Last week, on 26 April, the organisation launched P24, a new audio feature that enables readers to catch up on news. It also allows Público to expand the journalism it produces beyond written articles, and be able to also reach people when they are driving or running.
Público had not experimented with audio before this project, which has been partially developed with support from the Google Digital News Initiative fund.
A couple of months before the launch, the team started producing around 40 news audio pieces per day, and P24's engine combines anywhere between five and ten of these items to create a personalised package based mainly on readers' interests.
P24 uses a mix of algorithmic curation and editorial input, as a team of Público journalists headed by an editor make decisions on which audio pieces are selected, to ensure important news gets included even if a person has not previously expressed an interest in a particular topic.
"A crucial part of the project is that we didn't want to make blind recommendations, in the sense that we didn't want this to be just a machine that selects certain pieces for you, because we wanted to avoid the filter bubble," João Pedro Pereira, innovation coordinator at Público, who came up with the concept.
Each audio package has a duration of about eight minutes, and is featured on the Público website only, at the top of the homepage. The outlet has had a soft paywall since 2013, but P24 is available to both paying subscribers and users who register for free.
Every time a reader visits the website, the engine scours through the audio items produced in the previous 72 hours and assembles a new playlist.
"We started collecting a lot of information about our users before launching the service, such as what devices they were using and whether they were using a Wi-Fi or cellular connection to browse the website.
"Eventually we decided to go mainly with people's interests, which is the main variable the algorithm takes into account. Based on what you've already consumed on our website, we narrow down your interests and we follow that to give you the audio news."
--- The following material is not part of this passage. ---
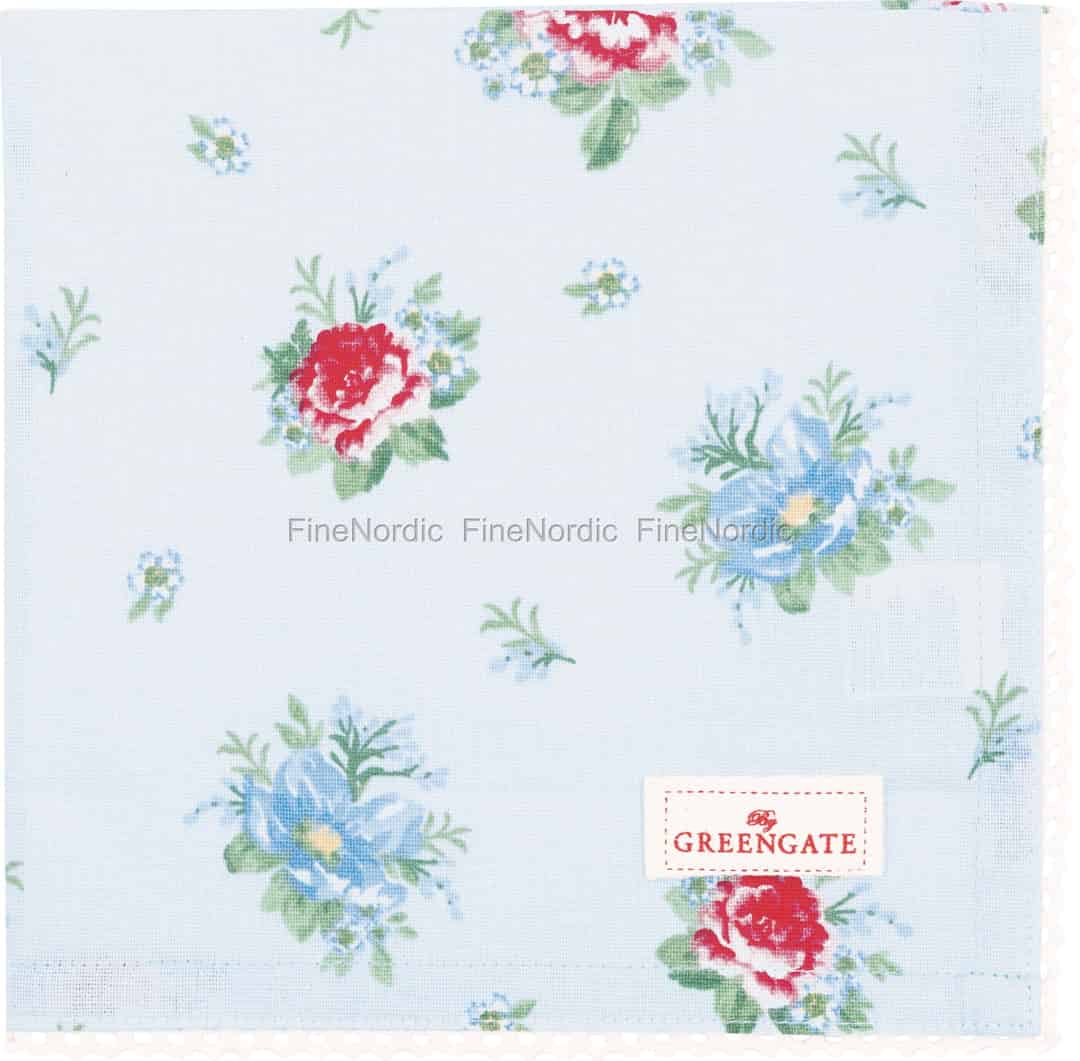 Stellen Sie sich einen sonnenverwöhnten Nachmittag und einen für den Tee gedeckten Tisch vor. Die Serviette Alivia Pale Blue erweckt diese idyllische Szene zum Leben, mit ihrem weichen Baumwollgefühl und einem entzückenden Blumendruck, der an einen blühenden Bauerngarten erinnert.

Listeners can like individual audio stories in their playlist, which the engine views as proof of their interest in the topic mentioned in the audio item, but they can also share the snippet on Twitter or Facebook. However when doing so, they are not sharing it in audio format – instead, P24 automatically links to the written article corresponding to the audio.
Similarly, if someone is browsing the Pùblico website and clicks on a text story that happens to have a corresponding audio item in P24, this will be flagged in the article's body, so that they can also listen to it.
Diogo Queiroz de Andrade, deputy executive editor of Público, said P24 was not created for social media or other audio platforms because the concept, which is different to that of a podcast, would not be a good fit.
That being said, Público editors have started publishing a daily podcast that includes hand-picked audio items from the P24 collection.
"[P24] doesn't go up at a specific time of the day, it refreshes every time you access it on the site.
"It's like an automatic update on the news, so it wouldn't make much sense to have it on social," he explained.
Pereira said they initially started out by having one-minute long audio snippets, but beta testers of P24 wanted these to be shorter, so the duration of each item is currently around 40 seconds.
Público is now hoping to collect feedback from listeners about the service and how well the algorithm matches their interests.
The team is also interested in exploring further personalisation options outside of audio, Queiroz de Andrade said, such as using artificial intelligence to improve the outlet's recommendation services.